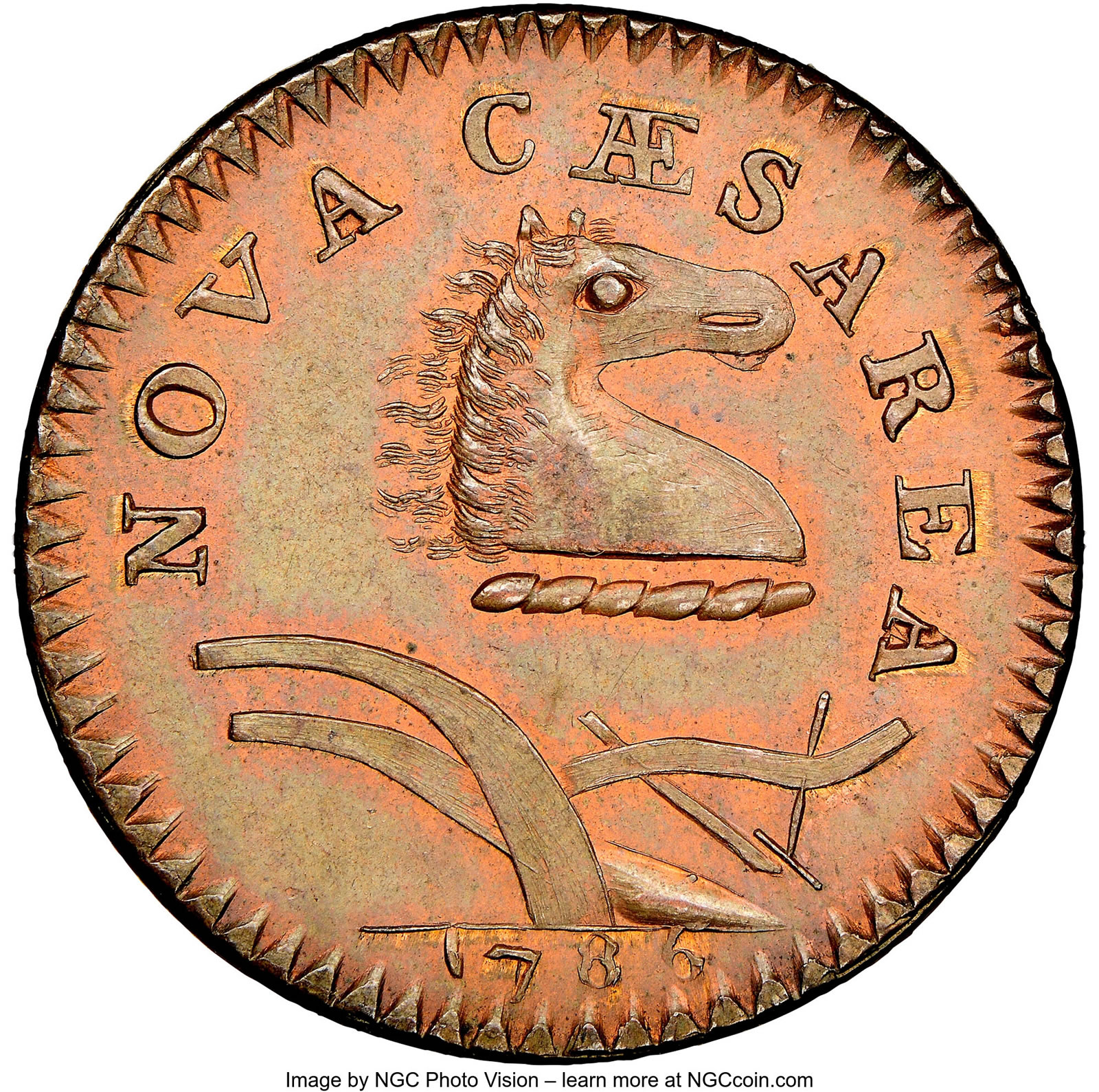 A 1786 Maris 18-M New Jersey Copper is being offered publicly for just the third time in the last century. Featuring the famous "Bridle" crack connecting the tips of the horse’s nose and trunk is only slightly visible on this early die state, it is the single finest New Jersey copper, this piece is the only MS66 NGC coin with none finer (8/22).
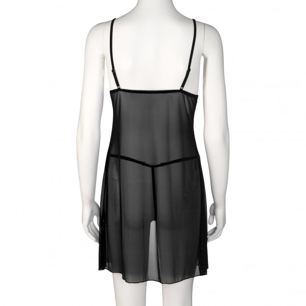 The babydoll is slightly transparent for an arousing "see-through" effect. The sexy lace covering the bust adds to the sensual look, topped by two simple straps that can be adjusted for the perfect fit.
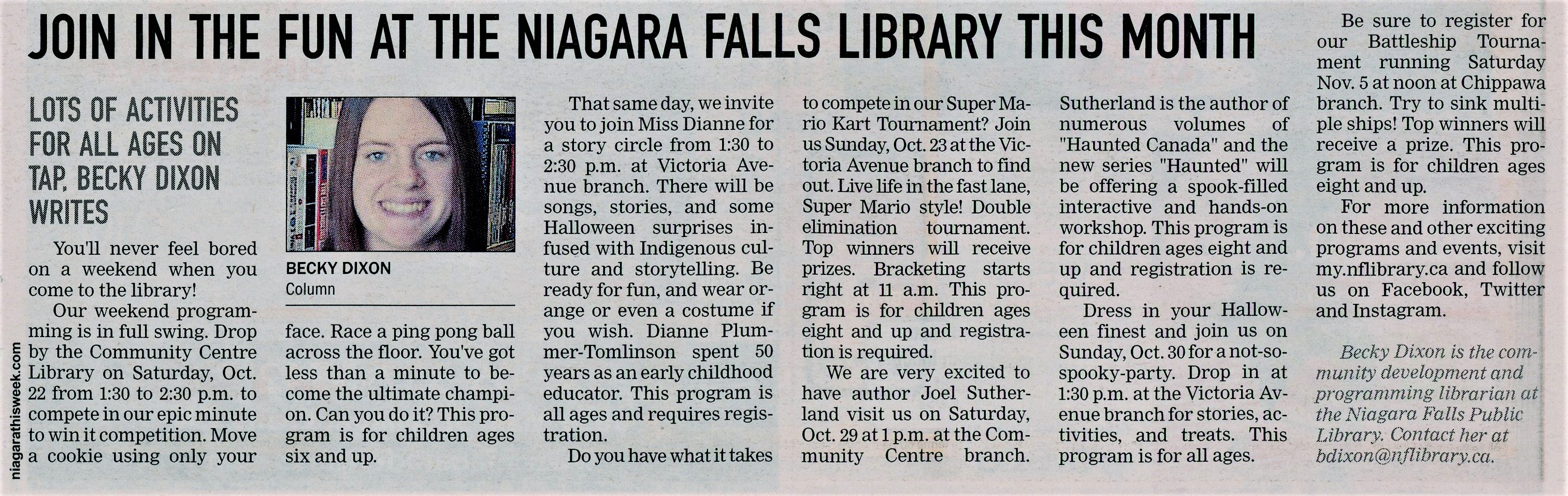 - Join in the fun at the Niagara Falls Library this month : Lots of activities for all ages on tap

What you will do: Your reply should hold every line of the material, unaltered, and not one picture.

Response area:
 A 1786 Maris 18-M New Jersey Copper is being offered publicly for just the third time in the last century. Featuring the famous "Bridle" crack connecting the tips of the horse’s nose and trunk is only slightly visible on this early die state, it is the single finest New Jersey copper, this piece is the only MS66 NGC coin with none finer (8/22).
 The babydoll is slightly transparent for an arousing "see-through" effect. The sexy lace covering the bust adds to the sensual look, topped by two simple straps that can be adjusted for the perfect fit.
 - Join in the fun at the Niagara Falls Library this month : Lots of activities for all ages on tap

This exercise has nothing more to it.